Abstract 2597: Differential Arterial Wave Reflection in ASCOT: an Explanation for the Results?
Background The Conduit Artery Functional Endpoint (CAFÉ) substudy of ASCOT showed that central blood pressure was significantly lower in those in the amlodipine-perindopril arm than those in the atenolol-bendrofluazide arm throughout the duration of the trial, despite similar brachial blood pressures. Arterial wave reflection contributes to the pathophysiology of hypertension, and different pharmacological agents may exert differing influences on this reflection and consequently on central blood pressure. Wave intensity analysis allows discrimination and direct measurement reflection waves . This tool was used to assess possible differences in wave reflection between the ASCOT treatment arms.
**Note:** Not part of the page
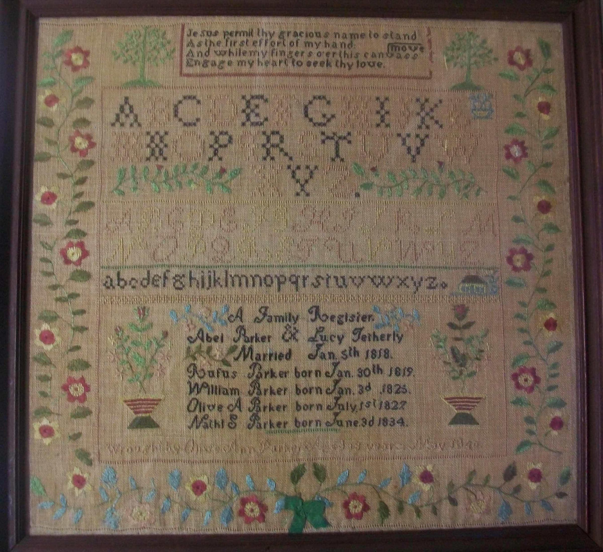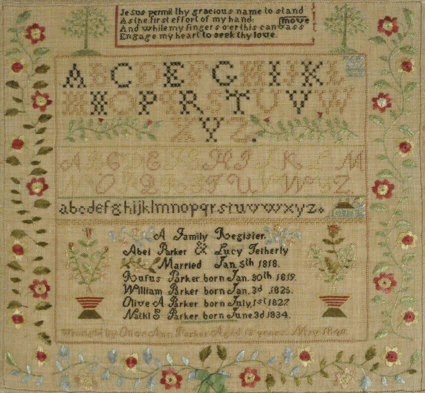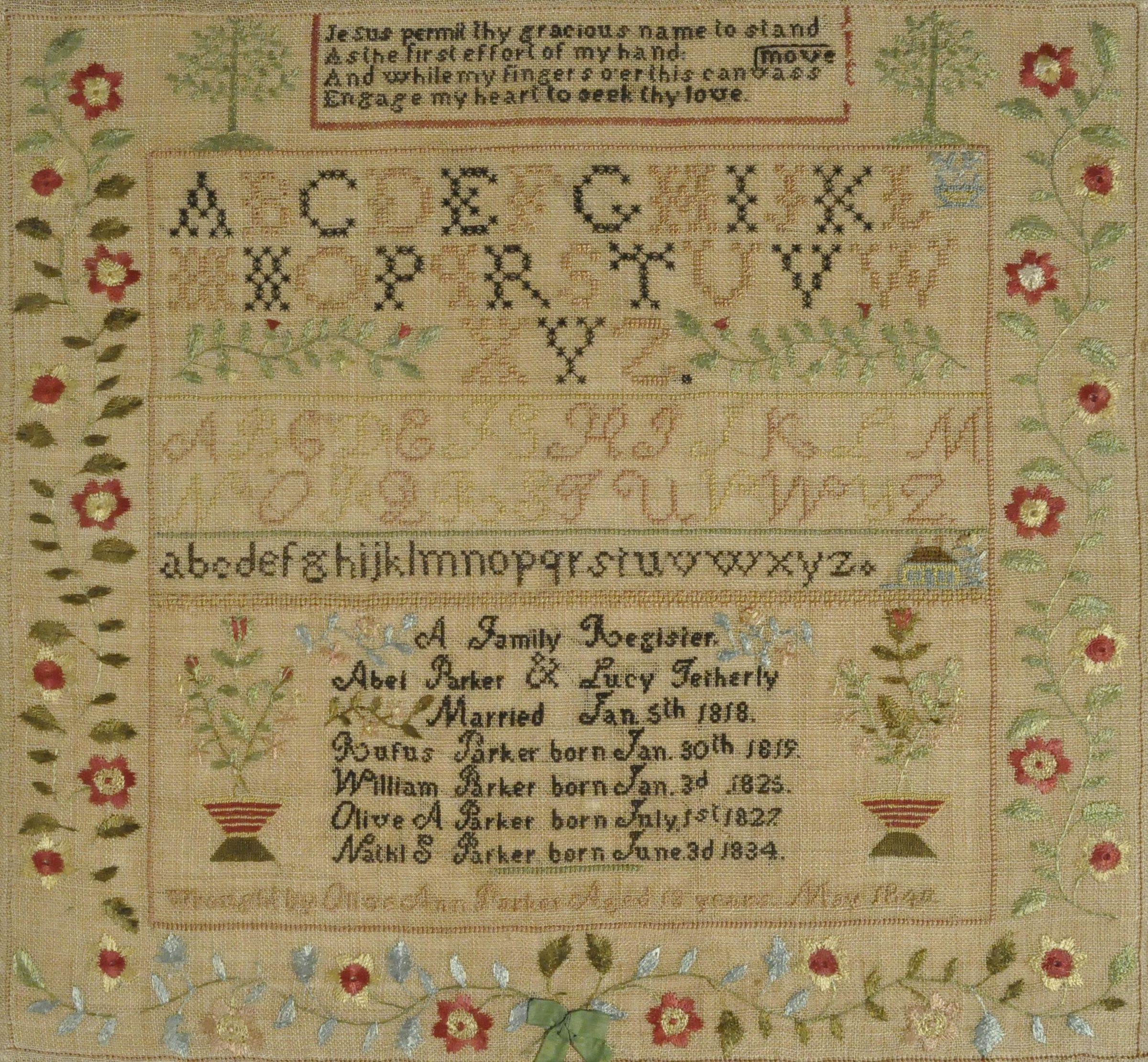 Framed needlework sampler made by Olive Ann Parker when she was 13 years old, May 1840. At the top of sampler is the verse: "Jesus permit thy gracious name to stand, As the first effort of my hand: And while my fingers o'er this canvass move, Engage my heart to seek thy love". Beneath the verse are three sets of the alphabet and a family register. Three sided border of colorful flowers and vines (no border at the top) with a small silk bow at the center bottom. Worked in silk thread in linen in cross, satin, outline, and straight stitches. The register reads: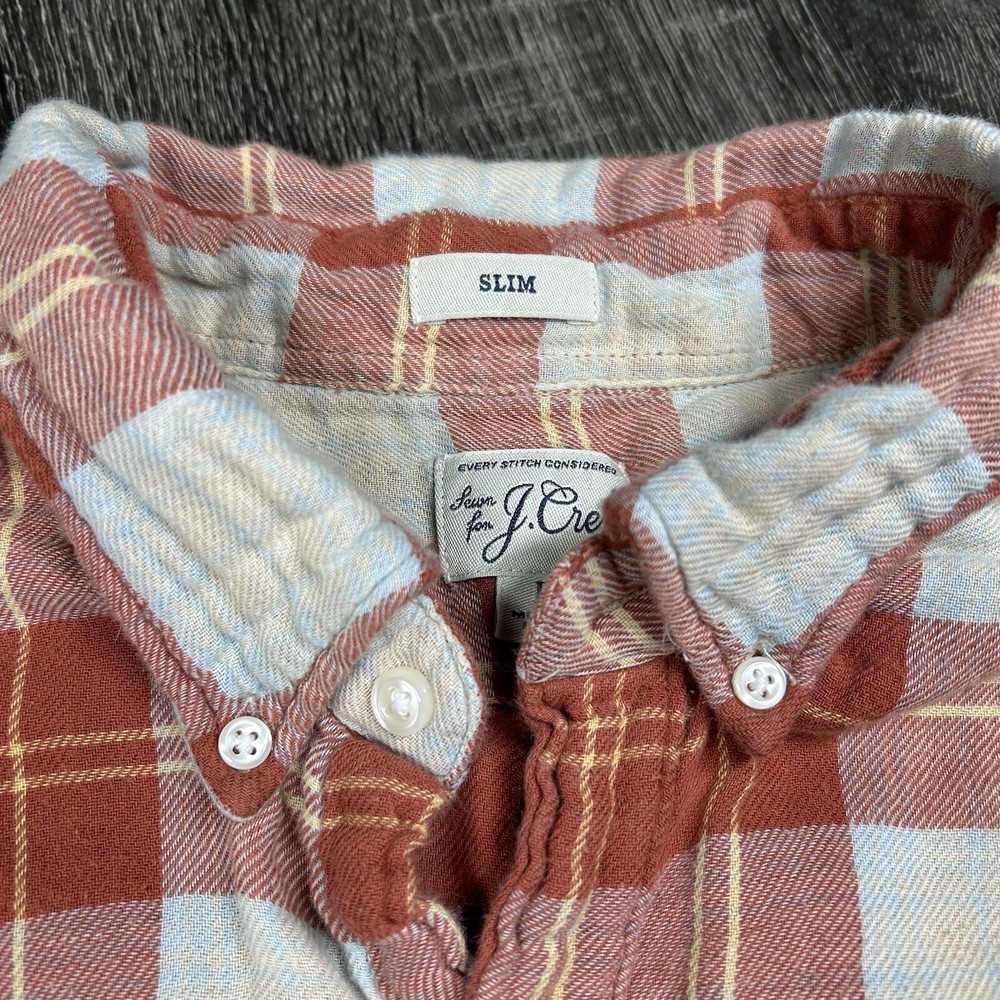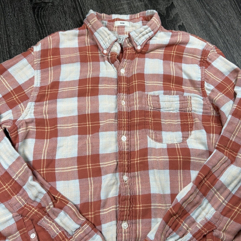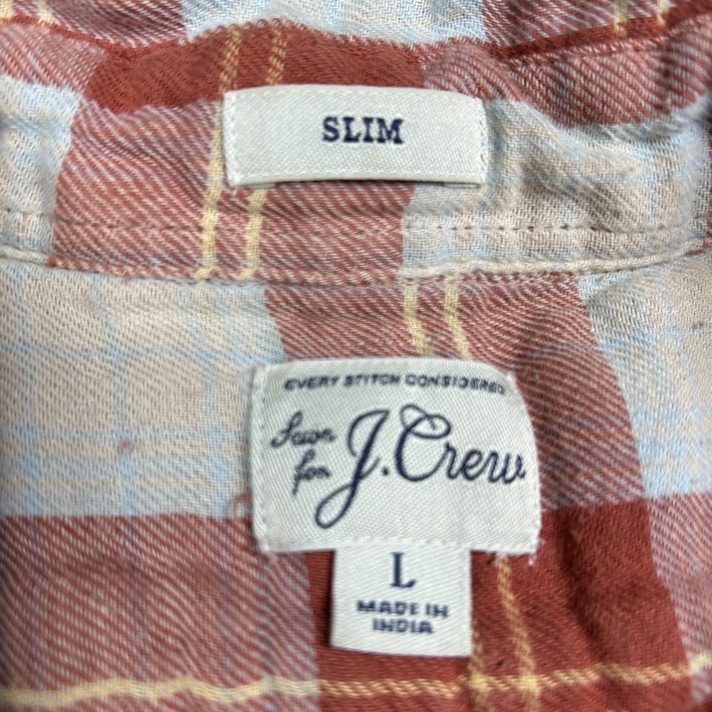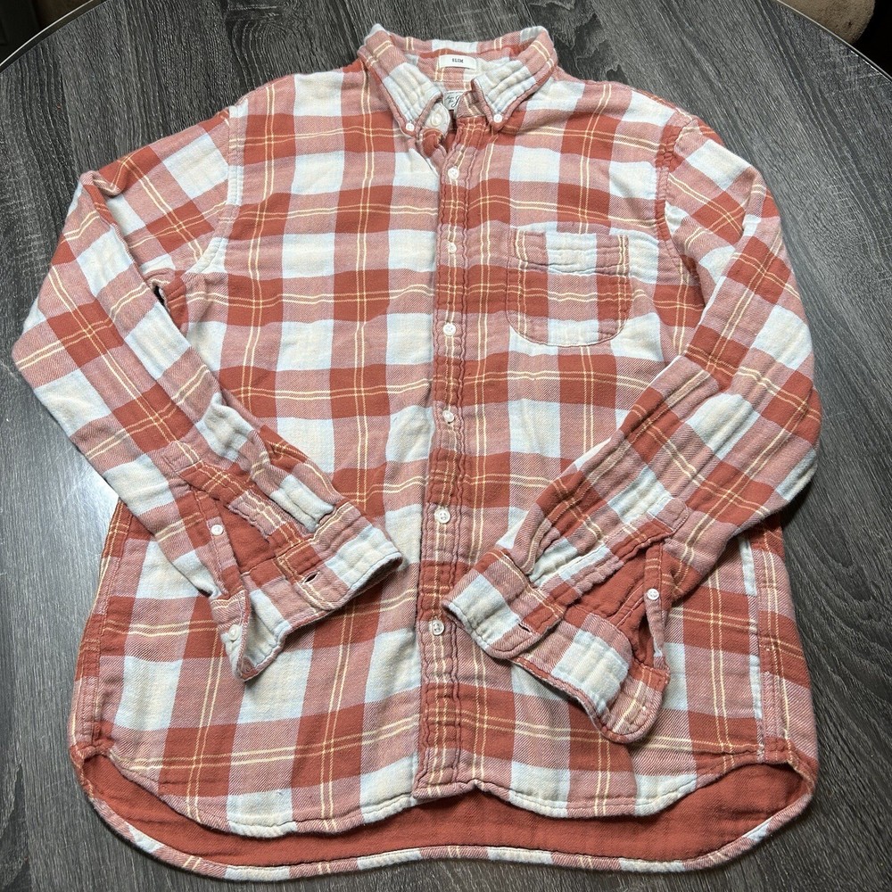 J.Crew Flannel Button SLIM Shirt Men's L Orange Plaid Mid Weight Outdoor *see photos of multiple small pulls on front of shirt and sleeve *see photos for measurements Pre-owned good condition Thanks for shopping with us!

Method and Results We measured wave reflection using non-invasive wave intensity analysis in the carotid artery of 255 subjects (mean age 64±7.7 years) participating in ASCOT. The magnitude of wave reflection was significantly lower in the amlodipine-perindopril arm (n=120) than the atenolol-bendroflumethiazide arm (n=135), reflection coefficient 20% v 23% (p=0.02), (Figure 1⇓). There was no difference in the timing of wave reflection between the two treatment groups (p=0.86) when corrected for the length of systole.
Conclusions Wave reflection was reduced to a greater extent in ASCOT subjects in the amlodipine-perindopril arm than the atenolol-bendroflumethiazide arm. The greater wave reflection in the atenolol-bendroflumethiazide group may explain not only the higher central blood pressure seen in CAFÉ, but also the significantly higher endpoint rate in this limb of ASCOT.